‘Yeniden yargılamalarda eşitlik istiyoruz'
- 09:05 15 Ağustos 2019
- Hukuk
İSTANBUL - DGM’de yargılananların tahliye talepleri doğrultusunda yüzlerce Hizbullah sanığının tahliye edildiğini ve diğer siyasi tutsakların taleplerinin kabul edilmediğini belirten Avukat Gülizar Tuncer, “Egemenlerin hukuku, onların çıkarları doğrultusunda hareket eder, fakat buradaki çok açık biçimde bir hukuksuzluk.

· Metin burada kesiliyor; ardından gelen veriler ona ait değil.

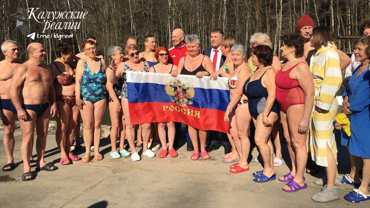 В этот морозный день на Сероводородные Озера приехало более тридцати желающих искупнуться. Мероприятие было организовано Советом ветеранов спорта при министерстве спорта Калужской области.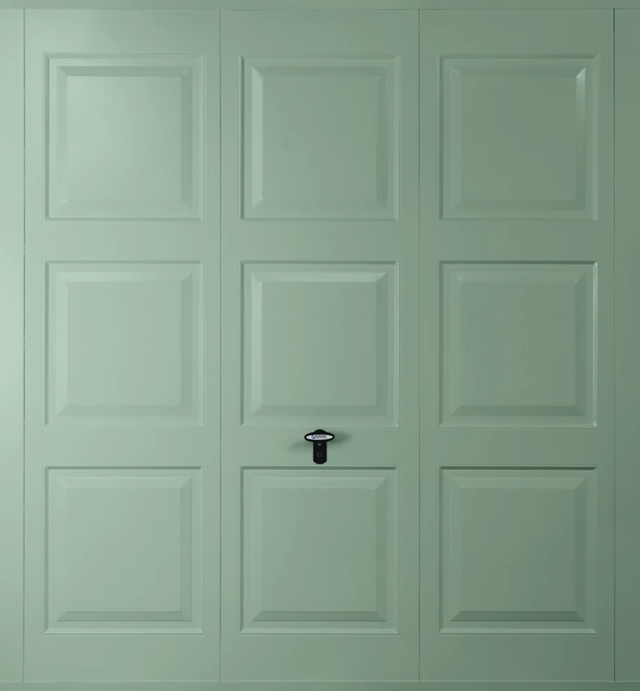 Reliable, strong and secure door that will look good for years to come with the minimum of effort. Manual operation with anti-drop safety device. Opening must have an additional 50mm each side and 50mm height for the frame, therefore overall size is 2386mm W x 2031mm H.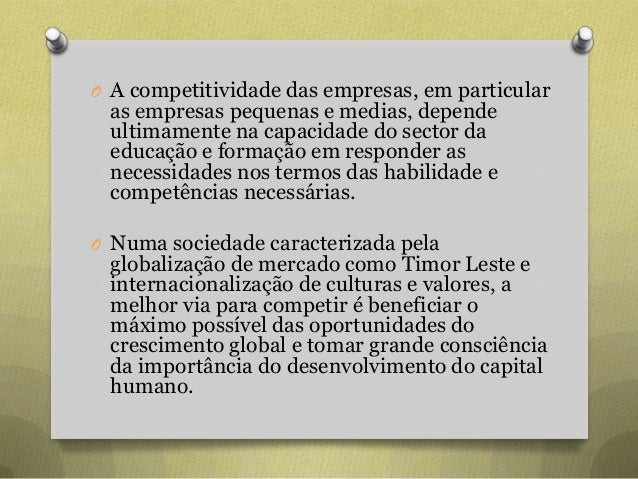 61. 61. O A competitividade das empresas, em particular as empresas pequenas e medias, depende ultimamente na capacidade do sector da educação e formação em responder as necessidades nos termos das habilidade e competências necessárias. O Numa sociedade caracterizada pela globalização de mercado como Timor Leste e internacionalização de culturas e valores, a melhor via para competir é beneficiar o máximo possível das oportunidades do crescimento global e tomar grande consciência da importância do desenvolvimento do capital humano.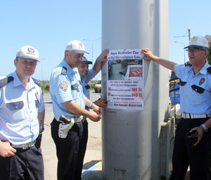 Can ve mal güvenliği yönünden mağduriyetlerin yaşanmaması için farklı kampanyalar yaparak sürücülerimizi bilinçlendirmeye çalışıyoruz. Bugünkü uygulamamızda afiş ve broşürlerle bilgilendirme ve bilinçlendirmeyi amaçlıyoruz. Bu çalışma için 500 adet afiş bastırıp bunları öncelikle, petrol istasyonları, galeriler, banka ve yol kenarında bulunan iş yerlerine asılarak hız sınırları ile ilgili sürücüleri bilgilendiriyoruz” dedi-.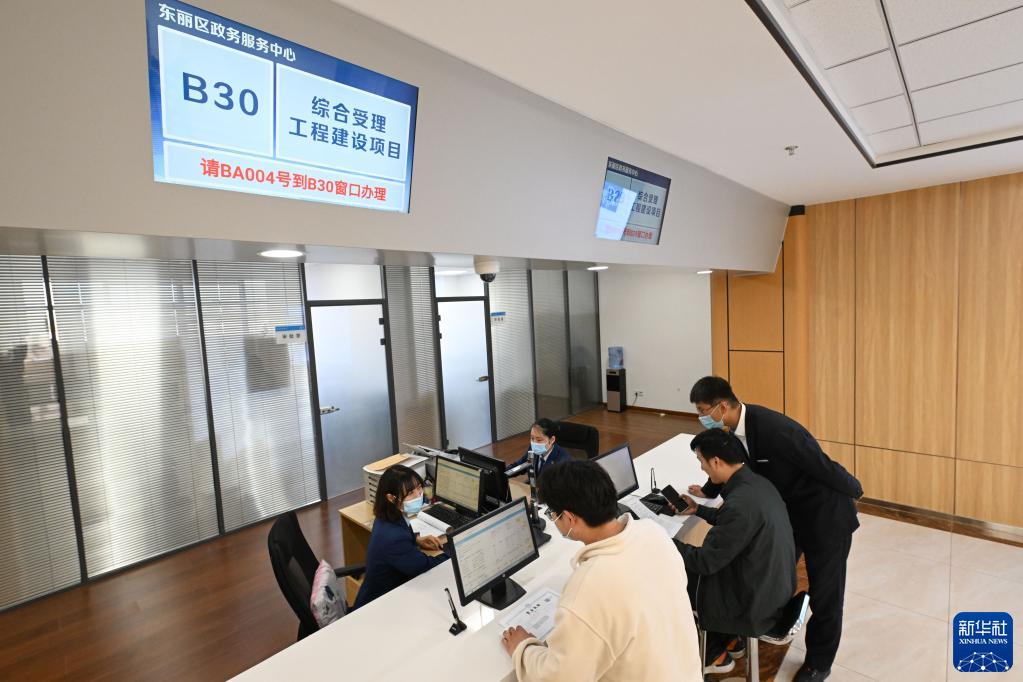 3月27日,在天津市東麗區政務服務中心,申報人員進行“填空式”項目申報。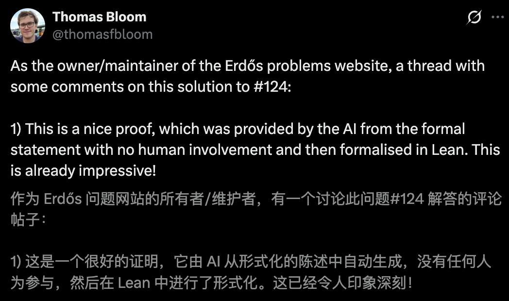 由HarmonicMath开发的AI数学家「亚里士多德」(Aristotle),100%独立完成了埃尔德什问题#124。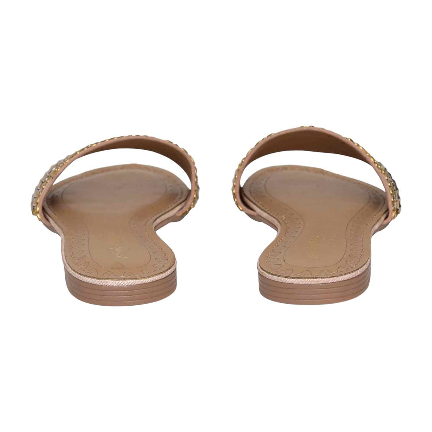 Exuding playful, festive energy, this pair embodies cheerful glamour. The wide strap features an intricate zigzag pattern created with beads, studs, and metallic thread, adding a brilliant, textured detail. Built on a comfortable flat sole, it blends artisanal sparkle with effortless ease for long-lasting wear.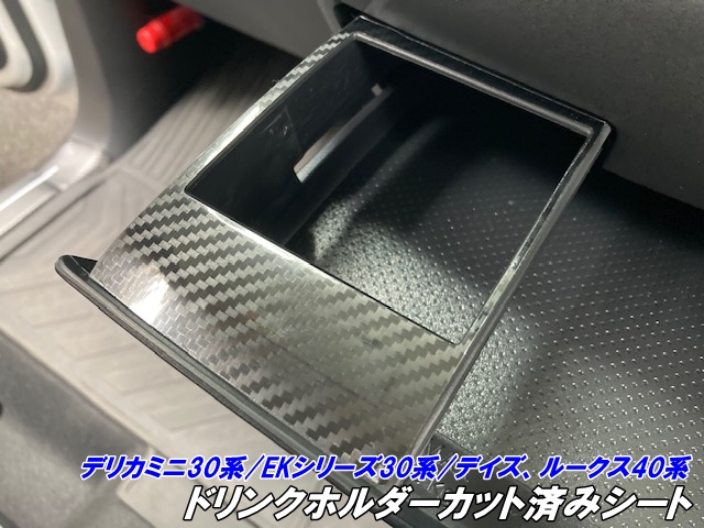 デリカミニ30系/ルークス.デイズ40系/EKシリーズ30系 ドリンクホルダーカット済シート カーボン柄カラー選択 アクセサリー カップホルダー 内装 カスタムパーツ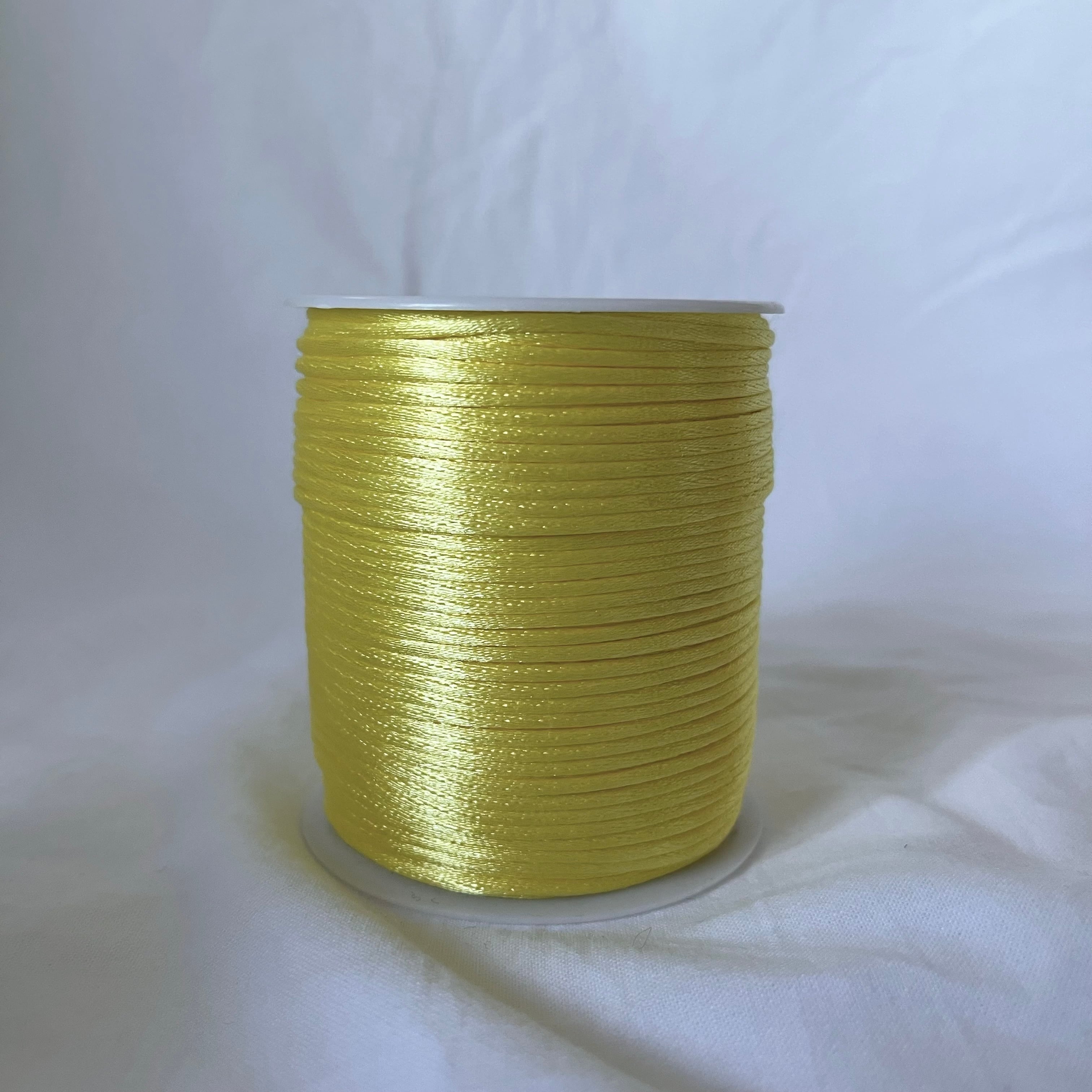 サテンという言葉の通りさらりとして艶のある表面なので、少し滑りやすいのも特徴の一つです。結びに使用する場合は、目の詰まった結びにする or 一目一目に接着剤やグルーガンなどを施すと美しく仕上がります。

Özellikle Kürdistan baroları bu konuda ses çıkarmalı” dedi.
Avrupa İnsan Hakları Mahkemesi (AİHM) 1998’de İbrahim İncal davasında, Devlet Güvenlik Mahkemeleri’nde (DGM) askeri yargıç bulunmasının, Avrupa İnsan Hakları Sözleşmesi’nin (AİHS) 6. maddesinde yer alan "adil yargılanma hakkının ihlali” olarak değerlendirip, mağduriyetin ortadan kaldırılmasına hükmetti. Diyarbakır, Van, Erzurum, İstanbul, Ankara, İzmir, Malatya, Adana olmak üzere 8 şehirde kurulan DGM'lerde yargılananların birçoğu, AİHM'e başvurdu. AİHM'in peş peşe verdiği mahkumiyet ve mağduriyetin ortadan kaldırılması kararı, Türkiye tarafından uzun süre uygulanmadı.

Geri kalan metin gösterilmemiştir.